STATE_FILE = Path("/tmp/monitor-state.json")
state = json.loads(STATE_FILE.read_text()) if STATE_FILE.exists() else {}

# Increment failure count per location
for location in down_locations:
    key = f"{monitor}:{location}"
    state[key] = state.get(key, 0) + 1

# Only alert if consistently down for 3+ checks (~3 minutes at 1min polling)
if all(state.get(f"{monitor}:{loc}", 0) >= 3 for loc in down_locations):
    send_alert(monitor, down_locations)

STATE_FILE.write_text(json.dumps(state))

Pro Tips

  • Use monitor groups as a service catalog — the tagging and grouping system in Uptime Kuma combined with the API lets you build a live service catalog. Every service that deploys registers itself; every service that's decommissioned removes its monitors. The Uptime Kuma dashboard becomes your live inventory of running services.
  • Integrate with your incident runbooks — add a notes field to each monitor via the API containing a link to the relevant runbook. When an alert fires, the webhook payload includes the monitor name — your incident handler can construct the runbook URL automatically and include it in every alert message.
  • Use the badge API for internal dashboards — Uptime Kuma generates SVG status badges at /api/badge/{id}/status. Embed these in your internal wiki or Notion pages next to service documentation so status is always one glance away without opening the full dashboard.
  • Version-control your monitoring config alongside your services — the export script in this guide generates JSON that's meaningful in a Git diff. When a monitor changes, the diff shows exactly what changed. This makes monitoring drift visible and reviewable, the same as any other infrastructure change.

Wrapping Up

The three Uptime Kuma guides in this series cover the full spectrum: getting started with basic monitoring, advanced monitor types and production configuration, and this guide's API automation, multi-location checks, and incident management integration. Together they turn Uptime Kuma from a dashboard you log into when things break into an active participant in your deployment pipeline and incident response process.

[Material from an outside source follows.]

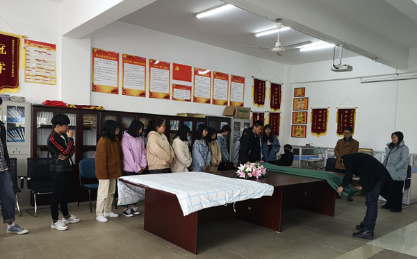 3月8日中午,在大位会计学院党总支副书记雷青梅和公共教学部副主任杨声的共同组织下,举办针对中专部学生的叠军被培训会。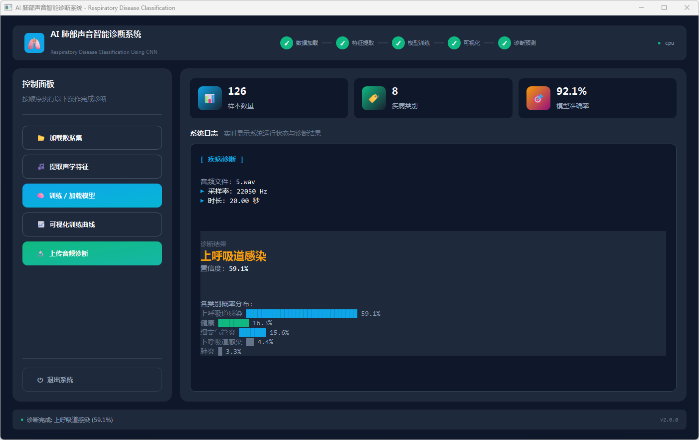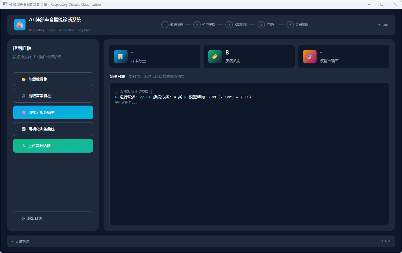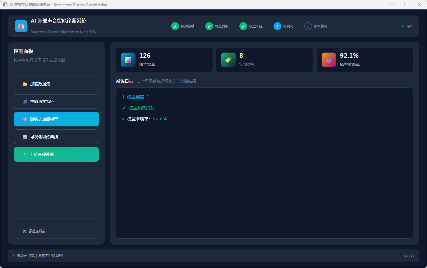 在系统实现方面,基于 PySide6 框架开发了桌面端图形用户界面,集成数据加载、特征提取、模型训练、训练过程可视化和实时诊断五个功能模块。实验结果表明,该模型能够有效区分上述 8 类呼吸系统疾病,用户仅需上传肺部声音音频文件,系统即可自动输出疾病分类结果及相应置信度。整体系统操作流程清晰、界面友好,具有一定的临床辅助诊断应用潜力。

The API-driven monitor registration is the single highest-leverage change — once services register their own monitors on deploy, your monitoring coverage stays complete automatically as your infrastructure evolves. Pair it with multi-location checks and structured incident workflows and you have an observability setup that catches real problems fast and responds intelligently rather than just making noise.